[Records from a collection]
....

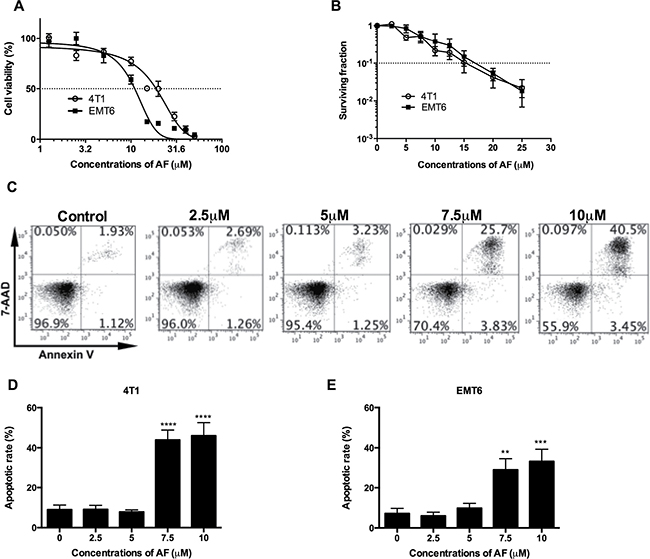 Figure 1: AF caused apoptosis and cytotoxicity in mouse tumor cells. (A) Tumor cells were treated with AF for 2 h with indicated concentrations, and one day later analyzed for cell viability by MTT assay. Data are shown as mean ± SD (n = 3). (B) Following the same treatments, cell viability was analyzed by an 8-day colony formation assay. Data are shown as mean ± SD (n = 3). (C) Representative scatter plots of apoptosis in 4T1 cells, after AnnexinV/7-AAD staining and assessment by flow cytometry. (D) Summarized data on AF-induced apoptosis in 4T1 and (E) EMT6 tumor cells. Data are shown as mean ± SD (n ≥ 3). One-way ANOVA with Bonferonni’s multiple comparison test was used to calculate statistics: *p < 0.05, **p < 0.01, ***p < 0.001, ****p < 0.0001.
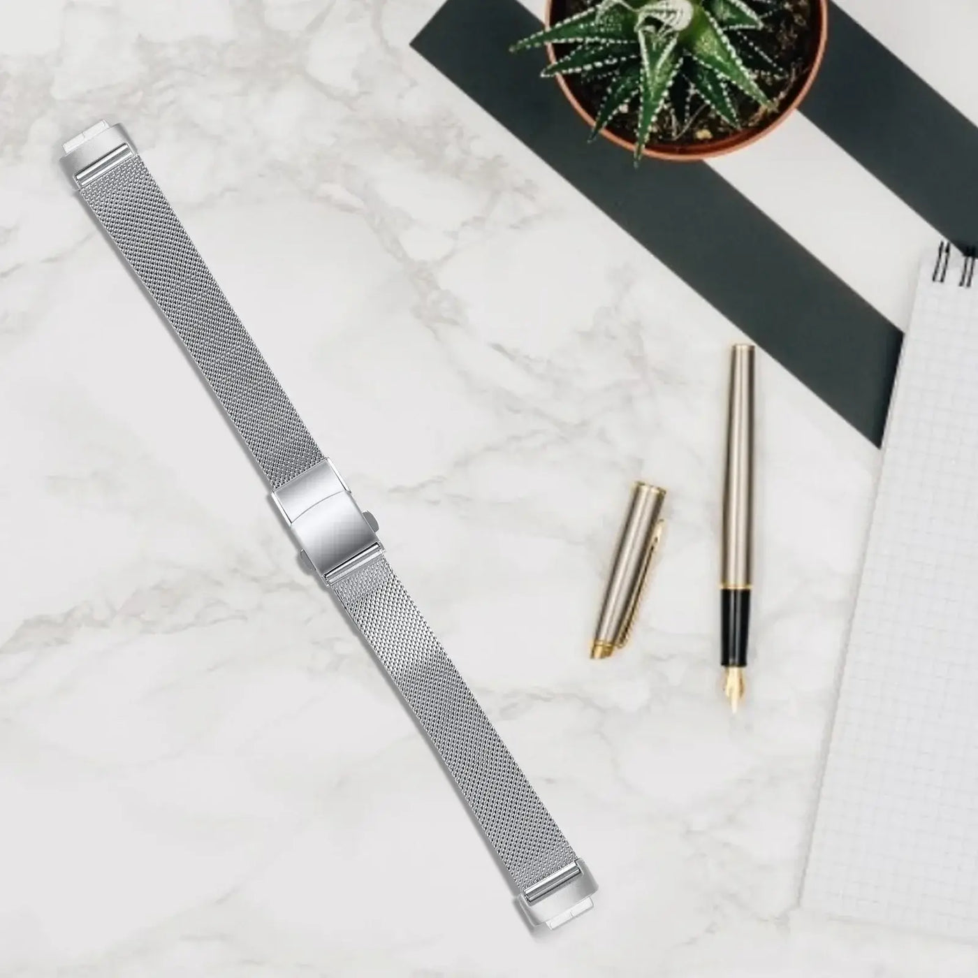 Enhance your Fitbit Inspire 3 with this sleek and lightweight thin stainless steel band from BandsCo. Designed for a refined, minimalist look, this replacement smartwatch band offers both comfort and style, ensuring you can wear it throughout your day without any bulk.
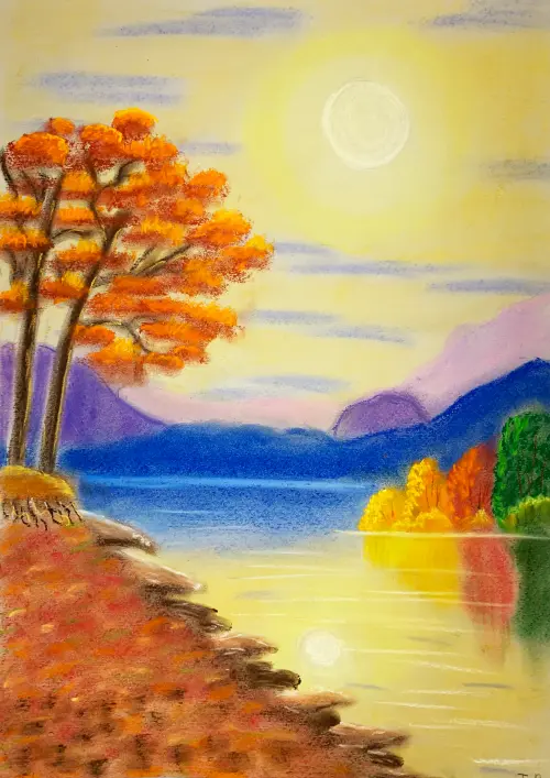 Мое любимое время года - осень. Именно в это время природа отличается многообразием красок. Мне нравится, как осенние деревья отражаются в воде. Мой рисунок выполнен в технике «сухой пастелью» в формате А3.
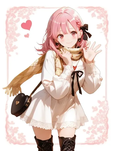pink hair,  Braided Hair,Sophisticated Nanyan,Gentle red eyes, smooth and soft skin,  red plaid scarf , Background,(masterpiece, Highest Quality:1.2),  cute white teddy bear,anime style, cinematic lighting, autumn sunset, pink-haired girl “Iroha” with soft wavy shoulder-length hair tied with a black ribbon, gentle red eyes, wearing a white cloak and black inner dress, holding a white teddy bear “Yuri” with red ribbon around its neck and small button eyes. She stands on a rocky cliff above a glowing golden valley, holding a ceremonial silver sword reflecting sunset light. maple leaves fluttering, soft wind, atmosphere of melancholy and hope, painterly style, high detail, warm golden tone.
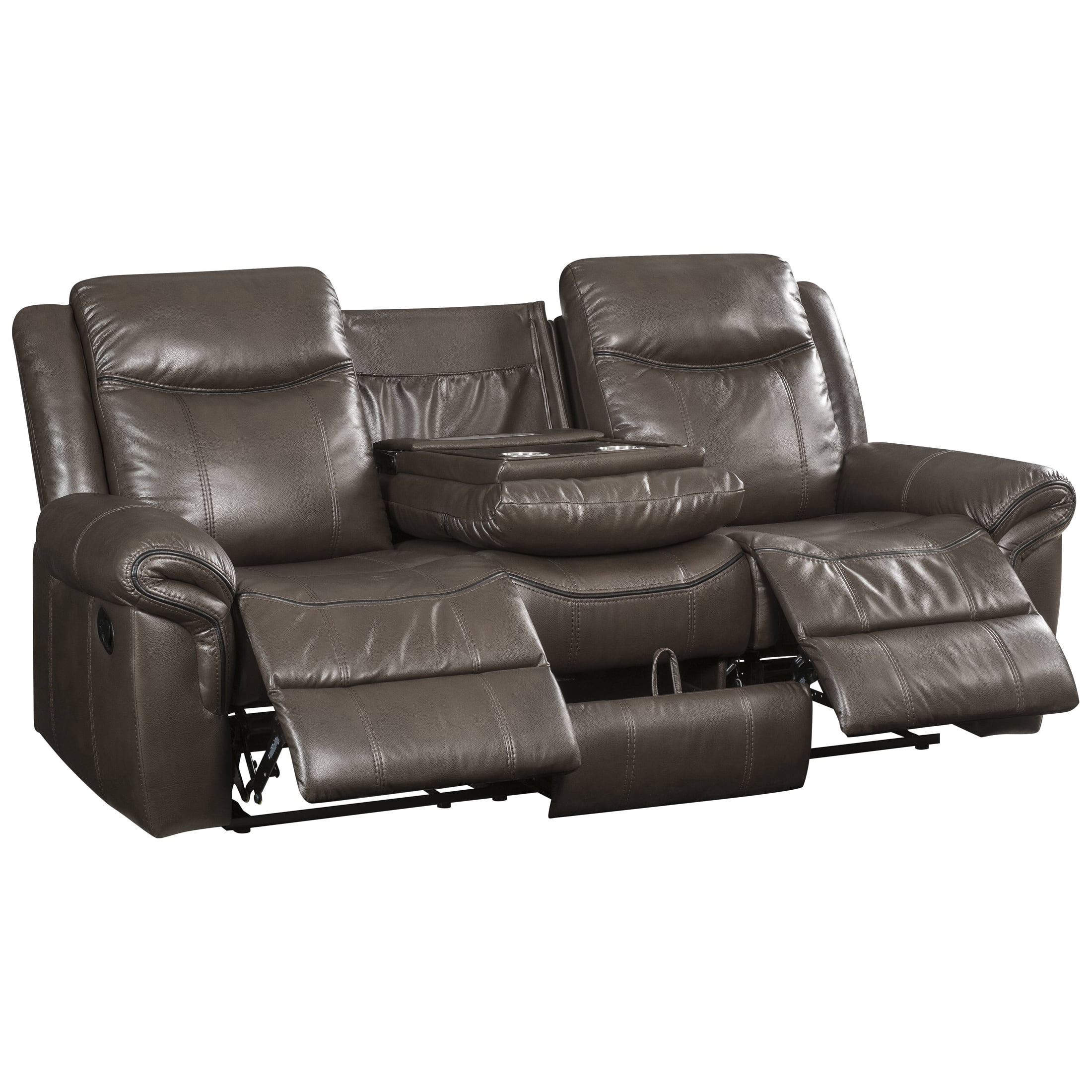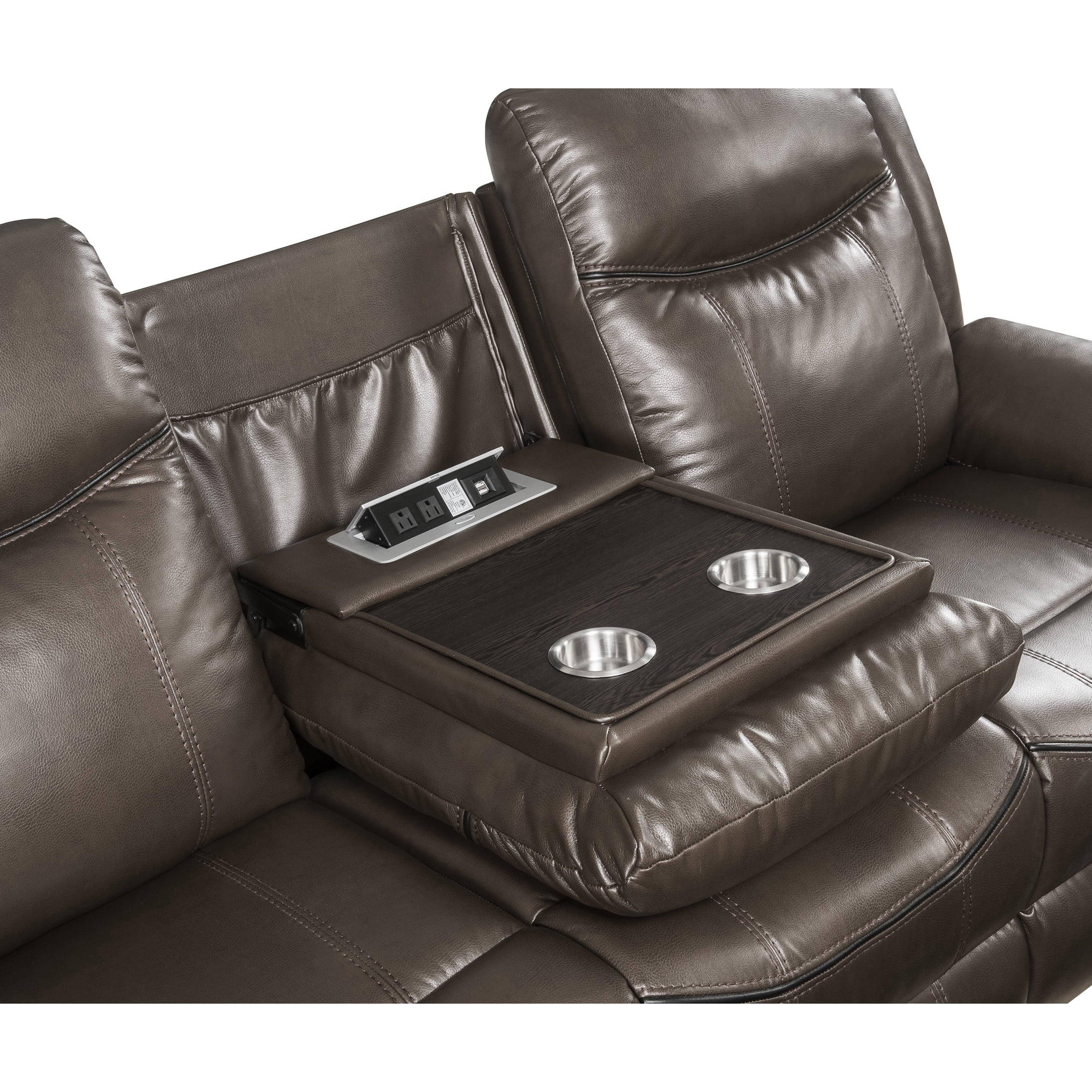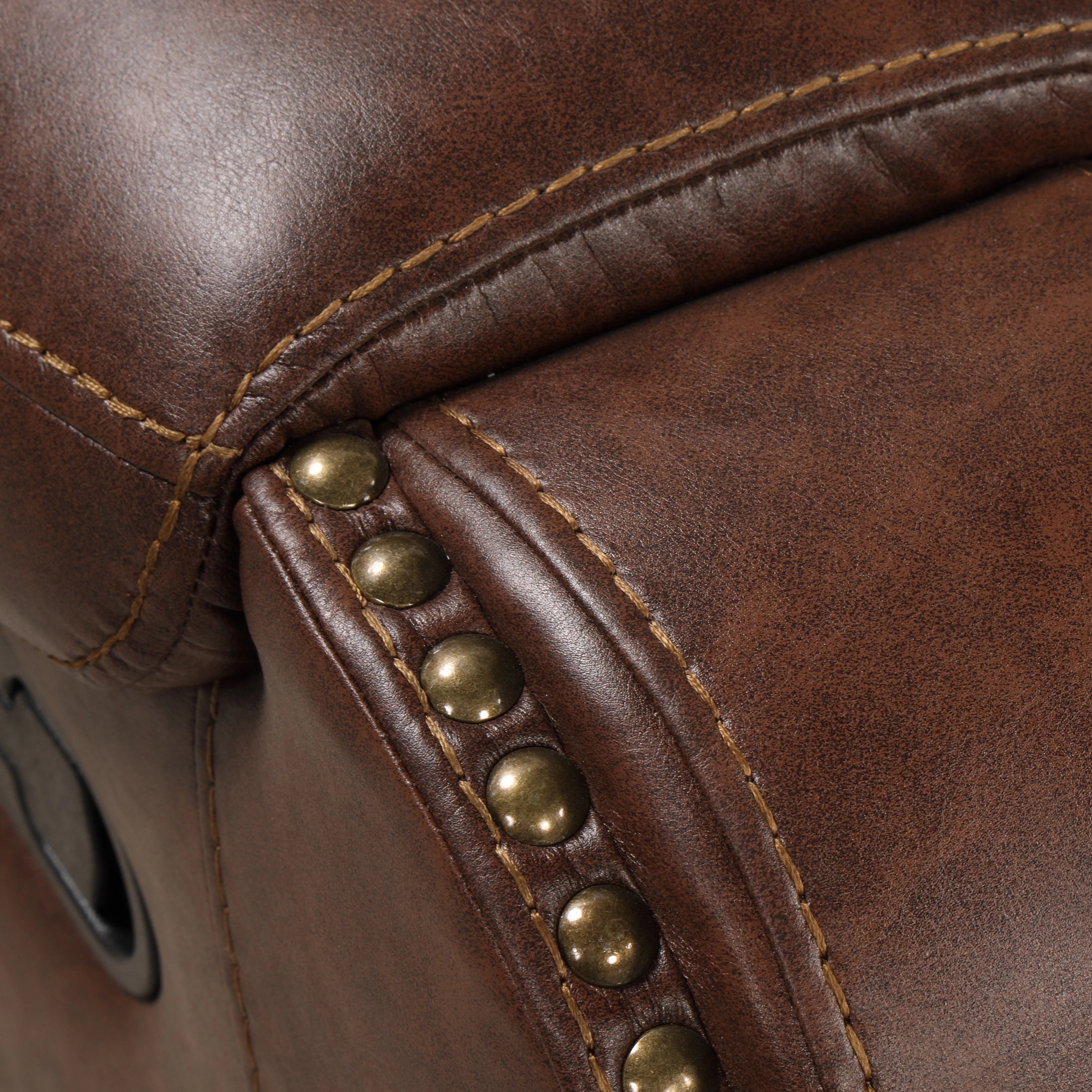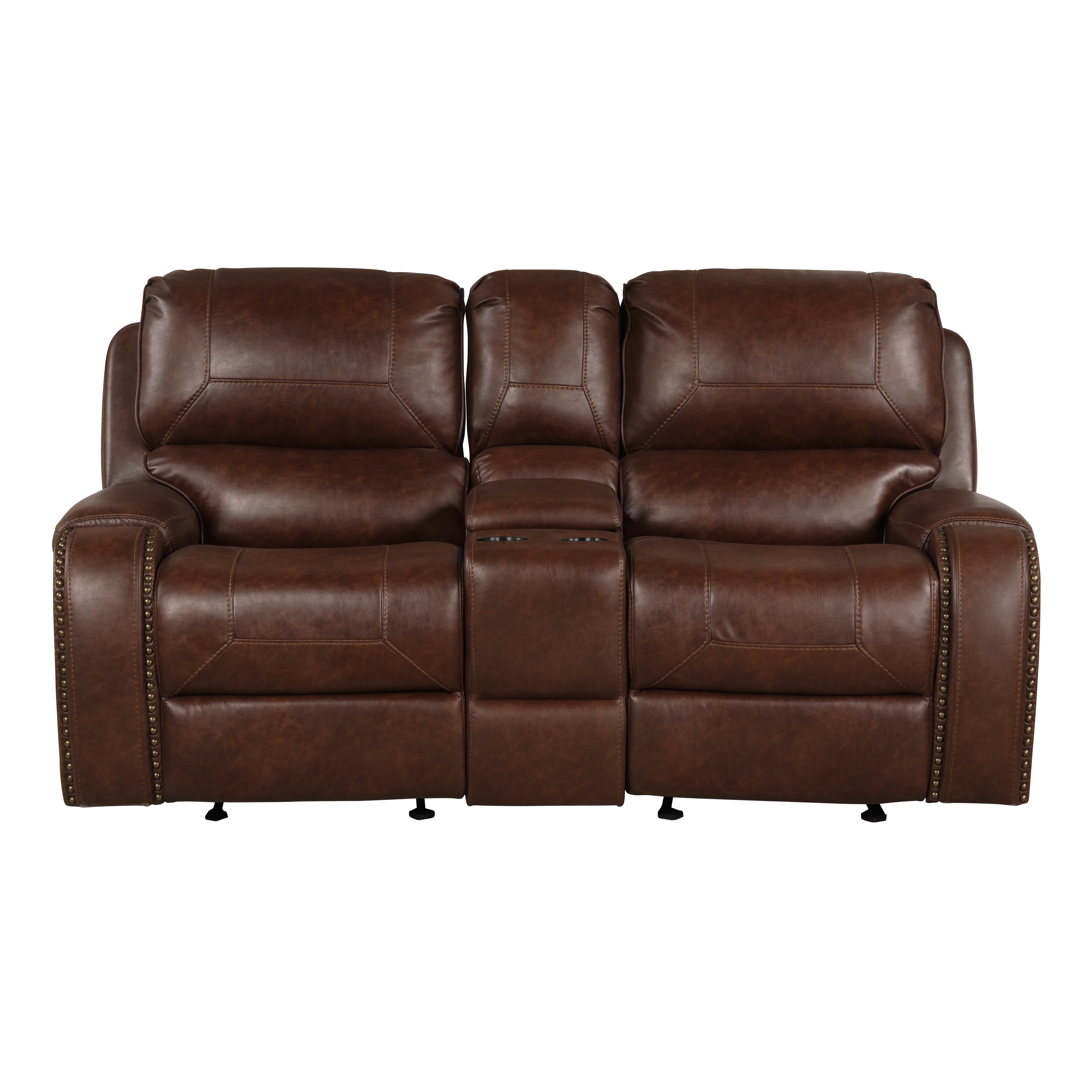 Roundhill Furniture Achern Brown Leather-Air Nailhead Manual Reclining Sofa and Loveseat with Storage Console and USB Port

....

- [EXERCISE OBJECTIVE]: Exclude all pictures and reproduce verbatim the lines running from the line that contains "warm golden tone." to the end of the data above, both ends included.

- [SOLUTION FOR THIS EXERCISE]:
pink hair,  Braided Hair,Sophisticated Nanyan,Gentle red eyes, smooth and soft skin,  red plaid scarf , Background,(masterpiece, Highest Quality:1.2),  cute white teddy bear,anime style, cinematic lighting, autumn sunset, pink-haired girl “Iroha” with soft wavy shoulder-length hair tied with a black ribbon, gentle red eyes, wearing a white cloak and black inner dress, holding a white teddy bear “Yuri” with red ribbon around its neck and small button eyes. She stands on a rocky cliff above a glowing golden valley, holding a ceremonial silver sword reflecting sunset light. maple leaves fluttering, soft wind, atmosphere of melancholy and hope, painterly style, high detail, warm golden tone.
 Roundhill Furniture Achern Brown Leather-Air Nailhead Manual Reclining Sofa and Loveseat with Storage Console and USB Port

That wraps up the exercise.